== ASSIGNMENT ==
Among the entries below, take the line with "高田社長は「この話(長崎造船" and the line with "Monki caps i", and output them and every line between them exactly, with nothing else.

== INPUT FOR THIS TASK ==
────────────────────────────────────────

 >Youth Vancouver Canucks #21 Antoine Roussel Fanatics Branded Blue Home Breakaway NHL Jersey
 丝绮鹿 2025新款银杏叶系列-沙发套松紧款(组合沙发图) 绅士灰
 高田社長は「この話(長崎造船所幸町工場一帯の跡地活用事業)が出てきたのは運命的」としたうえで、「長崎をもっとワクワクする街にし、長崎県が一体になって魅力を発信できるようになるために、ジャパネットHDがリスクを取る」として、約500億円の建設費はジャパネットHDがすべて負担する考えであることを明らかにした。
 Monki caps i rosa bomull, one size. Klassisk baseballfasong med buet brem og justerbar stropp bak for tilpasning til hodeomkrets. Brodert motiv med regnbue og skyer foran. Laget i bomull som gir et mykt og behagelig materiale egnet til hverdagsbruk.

────────────────────────────────────────

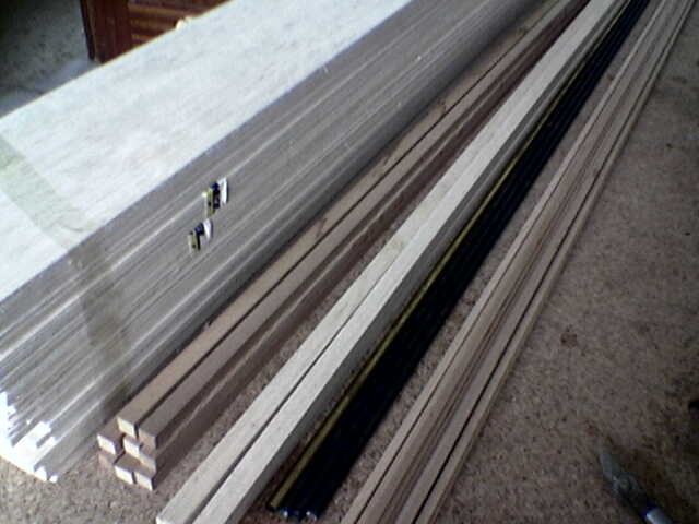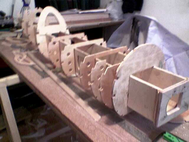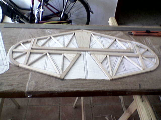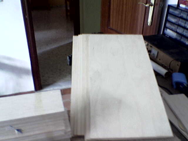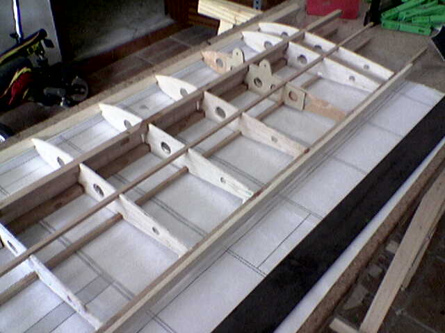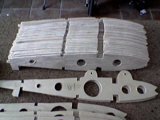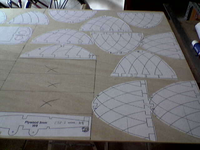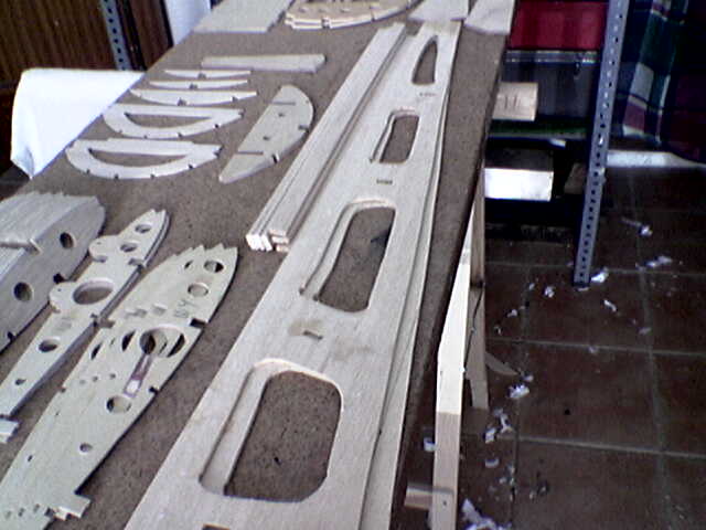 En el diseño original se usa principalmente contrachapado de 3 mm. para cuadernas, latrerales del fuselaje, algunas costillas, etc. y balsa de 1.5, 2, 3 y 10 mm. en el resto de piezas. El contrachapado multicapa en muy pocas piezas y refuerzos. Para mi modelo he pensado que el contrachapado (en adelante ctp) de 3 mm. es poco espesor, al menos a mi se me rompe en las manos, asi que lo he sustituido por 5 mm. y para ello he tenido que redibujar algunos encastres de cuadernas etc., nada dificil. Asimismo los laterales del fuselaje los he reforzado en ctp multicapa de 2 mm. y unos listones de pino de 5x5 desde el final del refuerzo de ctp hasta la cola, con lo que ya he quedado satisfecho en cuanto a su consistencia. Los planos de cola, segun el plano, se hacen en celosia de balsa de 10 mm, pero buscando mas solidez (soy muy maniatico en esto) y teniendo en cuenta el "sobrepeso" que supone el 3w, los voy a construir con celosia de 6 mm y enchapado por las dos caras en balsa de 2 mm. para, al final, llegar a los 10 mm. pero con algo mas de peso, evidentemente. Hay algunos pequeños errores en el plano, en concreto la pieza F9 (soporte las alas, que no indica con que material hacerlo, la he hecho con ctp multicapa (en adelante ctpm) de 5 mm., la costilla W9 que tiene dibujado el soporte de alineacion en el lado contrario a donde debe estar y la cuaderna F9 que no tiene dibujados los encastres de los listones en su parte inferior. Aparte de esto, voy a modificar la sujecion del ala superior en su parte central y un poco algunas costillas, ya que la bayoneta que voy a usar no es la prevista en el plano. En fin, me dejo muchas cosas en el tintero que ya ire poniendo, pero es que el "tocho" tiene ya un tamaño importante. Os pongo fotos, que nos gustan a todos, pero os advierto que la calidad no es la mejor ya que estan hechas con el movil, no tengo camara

────────────────────────────────────────

== SOLVED EXERCISE ==
 高田社長は「この話(長崎造船所幸町工場一帯の跡地活用事業)が出てきたのは運命的」としたうえで、「長崎をもっとワクワクする街にし、長崎県が一体になって魅力を発信できるようになるために、ジャパネットHDがリスクを取る」として、約500億円の建設費はジャパネットHDがすべて負担する考えであることを明らかにした。
 Monki caps i rosa bomull, one size. Klassisk baseballfasong med buet brem og justerbar stropp bak for tilpasning til hodeomkrets. Brodert motiv med regnbue og skyer foran. Laget i bomull som gir et mykt og behagelig materiale egnet til hverdagsbruk.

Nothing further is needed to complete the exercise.